Os aferentes nociceptivos primários, representados pelas fibras A-d e C, são fibras sensoriais de elevado limiar, projetadas da periferia para o corno dorsal da medula onde ativam grande número de neurônios internunciais de segunda ordem e neurônios de projeção da medula, alguns dos quais são ativados exclusivamente por estímulos nóxicos (nociceptivos específicos) e outros por estímulos de baixa intensidade (neurônios de larga faixa dinâmica ou multirreceptivos). As fibras C não-mielinizadas terminam nas lâminas I, II e V do corno dorsal, enquanto as fibras mielinizadas A-d terminam na lâminas I e II e também penetram mais profundamente nas lâminas V e X (Figura 1)1.
Sabe-se atualmente que a medula, que tradicionalmente foi considerada como simples estação intermediária para os impulsos sensoriais, é formada por complexa estrutura contendo grande variedade neuronal e arranjos sinápticos, bem como considerável número de neurotransmissores e neuropeptídios. A medula permite não somente a recepção e transmissão dos impulsos sensoriais como também um elevado grau de modulação central, envolvendo abstração local, integração, seleção e dispersão apropriada dos impulsos sensoriais. Esta complexa forma de processamento medular é ativada através de fenômenos centrais de convergência e somação, bem como através de influências excitatórias e inibitórias, envolvendo neuronais periféricas, interneurônios locais, vias neuronais do tronco encefálico e supraespinhais e córtex cerebral. Após sofrer as influências de modulação do corno dorsal alguns impulsos nociceptivos passam diretamente ou através de interneurônios para as células do corno anterior e anterolateral onde estimulam neurônios somatomotores e pré-ganglionares simpáticos, provocando resposta nociceptiva segmentar autonômica reflexa. Outros impulsos nociceptivos são transmitidos para neurônios que fazem sinapse com neurônios do trato espinotalâmico e outros sistemas ascendentes que então convergem para o tronco encefálico e estruturas supraespinhais onde promovem respostas reflexas suprasegmentares e corticais.

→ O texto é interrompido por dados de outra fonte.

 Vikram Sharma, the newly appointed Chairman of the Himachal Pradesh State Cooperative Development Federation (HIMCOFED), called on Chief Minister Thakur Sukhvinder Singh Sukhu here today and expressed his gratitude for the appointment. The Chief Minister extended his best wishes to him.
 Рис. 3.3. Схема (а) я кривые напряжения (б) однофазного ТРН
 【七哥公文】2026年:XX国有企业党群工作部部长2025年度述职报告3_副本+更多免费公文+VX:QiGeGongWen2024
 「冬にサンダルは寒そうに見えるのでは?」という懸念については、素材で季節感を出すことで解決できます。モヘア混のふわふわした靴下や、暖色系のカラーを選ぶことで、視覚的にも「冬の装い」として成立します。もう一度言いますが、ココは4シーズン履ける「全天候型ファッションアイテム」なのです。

Diversos neurotransmissores, aminoácidos e neuropeptídios são liberados pelos terminais dos aferentes primários no corno dorsal da medula, onde exercem importante papel na modulação da transmissão nociceptiva. Entre tais substâncias destacam-se os aminoácidos excitatórios glutamato e aspartato e diversos outros neurotransmissores e neuropeptídios, incluindo as taquicininas [substância P (SP), neurocinina A (NKA) e neurocinina B (NKB)], peptídeo geneticamente relacionado com a calcitonina (Calcitonin Gene-Related Peptídeo-CGRP), colecistocinina (CCK), somatostatina, óxido nítrico (NO), prostaglandinas (PG), galanina, encefalinas e endorfinas (Figura 2) 3-6. Um dos mecanismos centrais de grande importância na fisiopatologia da dor é o da transmissão facilitada no corno dorsal e consequentemente para as vias nociceptivas mais altas. Mendell (1996) 7 demonstrou que os neurônios de Larga Faixa Dinâmica do corno dorsal da medula espinhal exibem uma potenciação dependente da frequência de suas respostas à repetida estimulação das fibras aferentes C, fenômeno referido como de facilitação central.

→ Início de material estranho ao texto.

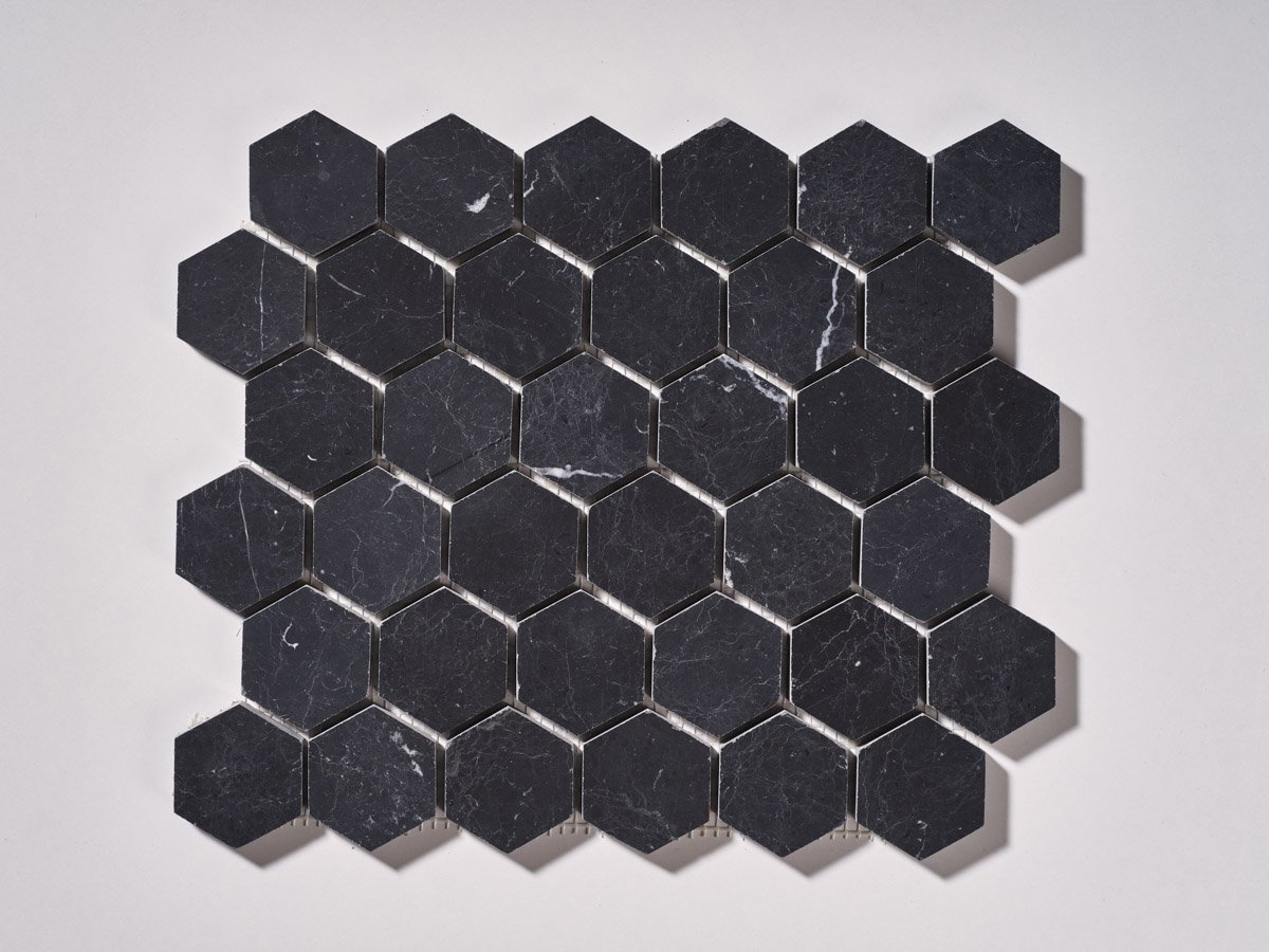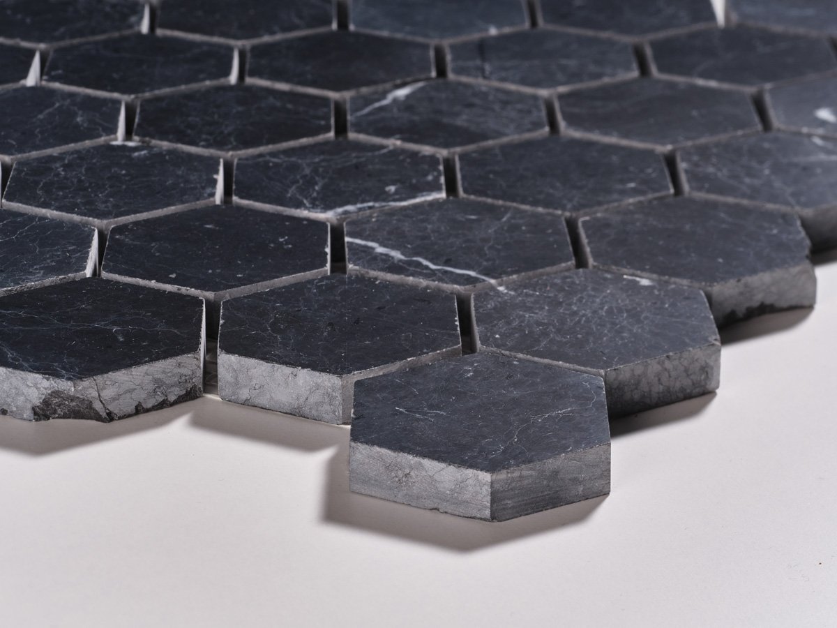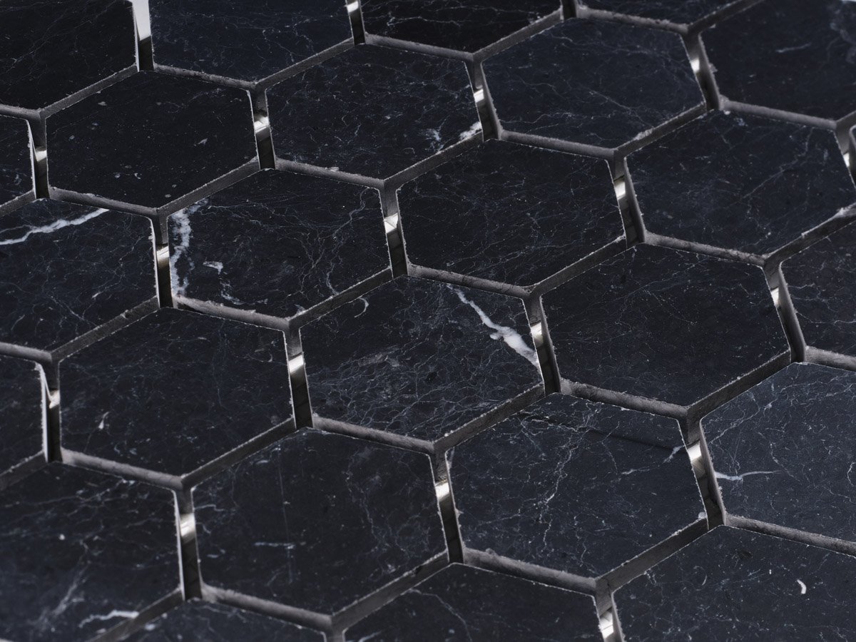 Il mosaico Nero Marquina si distingue per il suo carattere deciso e sofisticato. Le tessere esagonali, con finitura levigata opaca, donano un effetto moderno e di grande impatto visivo, perfetto per pavimenti e rivestimenti eleganti.

Assim, a somação temporal lenta de estímulos induzidos por aferente nociceptivo C leva a uma sensibilização central dos neurônios nociceptivos do corno dorsal que se manifesta por uma redução do limiar de estimulação, com consequente elevação na frequência de descargas espontâneas destes neurônios no recrutamento de outros circuitos sinápticos com expansão de seu campo receptivo e em exagerada resposta a estímulos somatosensoriais, mecânicos e térmicos. A somação temporal de potenciais sinápticos lentos promove alteração nos sistemas de segundo mensageiro e fosforilação de receptores. Este mecanismo neuronal pode se manifestar no paciente como alodínia e hiperalgesia.
Este fenômeno de facilitação central se deve à interação de dois mediadores liberados pelos terminais da fibra C na medula, principalmente o glutamato, que age nos receptores NMDA (NMetil-D-Aspartato) e a substância P que age nos receptores NK-1 de neurocinina. O bloqueio dos potenciais lentos na medula, seja através de antagonistas do receptor NMDA ou de antagonistas de neurocinina, previne o estabelecimento da sensibilização central.